An underwater volcanic explosion that occurred 1,200 kilometers (or 745 miles) south of Tokyo resulted in the formation of a new island, which Japan was able to add to its already amazing collection of islands.
After a string of eruptions that started in October close to Iwoto island, which is a part of the Ogasawara island chain in the western Pacific, the tiny island is claimed to have developed as a result of the activity.
An associate professor at Tokyo University’s earthquake research institute named Fukashi Maeno stated that he had confirmed that phreatomagmatic eruptions, a type of explosive eruption that results from magma interacting with water, had occurred about a kilometer off the coast of Iwoto, forming a landmass that was about 100 meters in diameter. Phreatomagmatic eruptions are the result of magma interacting with water.
During the eruptions, Maeno, who flew over the site at the end of October, reported to the Kyodo news agency that columns of smoke and ash more than 50 meters high ascended every few minutes.
According to Kyodo, he also saw enormous rocks flying through the air and bands of brown pumice stones floating in the sea, the color of which had altered as a result of the eruption.
Iwoto, which was the site of one of the deadliest battles of the Pacific war and is currently one of Japan’s 111 active volcanoes, is situated in close proximity to another new island that was created as a result of an eruption in the year 2021. Iwoto island, which was once known as Iwo Jima, received its current name in 2007 after being renamed by Japanese officials.
This region is used to experiencing spectacular outbursts of volcanic activity. The Japanese meteorological office reported that similar eruptions had been seen close to Iwoto during the months of July and December of the previous year, as well as in June of this year.
According to Maeno, the recent development of the island is evidence that magmatic activity has resumed in the region. If the volcanic eruptions continue, the newly formed island may continue to enlarge and transform, but it also runs the risk of being submerged by the ocean. Erosion was the cause of the demise of islands that had been formed in the same manner in the region in 1904, 1914, and 1986.
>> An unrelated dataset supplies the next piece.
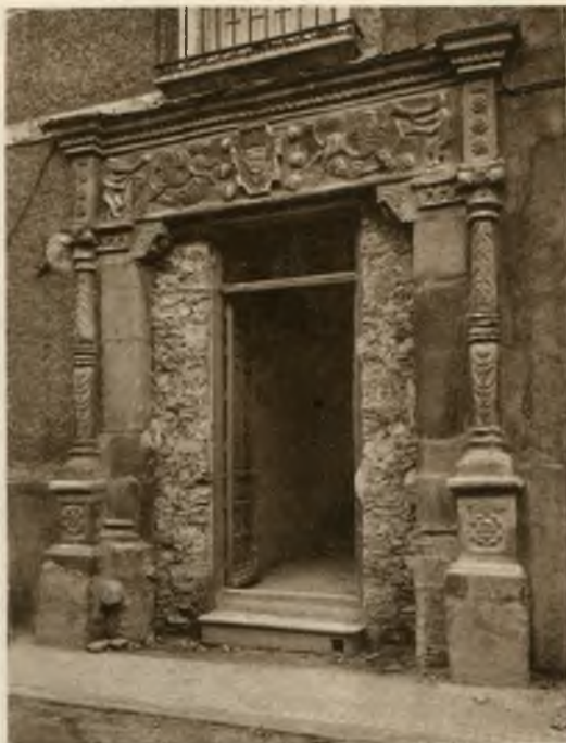
Una casa renaciente

A Calatrava la Nueva (43 kms.), donde se encuentra el famoso Sacro Convento y vestigios del Castillo de Salvatierra; a Alarcos (8 kms.), lugar de la famosa batalla, donde sobre un montículo se eleva el histórico Santuario; a Almagro (26 kms.), una de las ciudades más interesantes de la provincia, rica en casas solariegas, adornadas con magníficos escudos, una plaza típicamente española, de las más bellas de la península, y el Convento de los Dominicos, notable por su claustro e interiores.

New islands that are composed of ash and rock pieces might have a difficult time withstanding the persistent pounding that is caused by waves, but continuous volcanic activity might produce lava flows that eventually develop a surface that is tougher and more long-lasting.
In 2013, weeks of volcanic activity created an island, which then united with an existing island to produce a new landmass that for a while had a resemblance to the cartoon dog Snoopy. This new landmass was created when the two islands joined to create a new mainland.
Geographers announced earlier this year that the Japanese archipelago, which was formerly believed to consist of four main islands and over 6,000 extremely smaller and mostly deserted ones, was actually made up of twice as many islands as was previously believed. According to the department of Geospatial Information Authority of Japan, using digital mapping technology, they were able to identify a total of 14,125 islands, which is 7,273 more than they had previously imagined.
Japan is constantly expanding its island territory, but it sometimes occasionally loses islands. It is believed that the island of Esanbe Hanakita Kojima, which was situated 500 meters off the coast of Hokkaido, sank beneath the seas in 2018, without anyone noticing its disappearance.
It wasn’t until the author Hiroshi Shimizu visited the area to research for the second installment of his children’s book about Japan’s “hidden” islands that anybody realized it had vanished.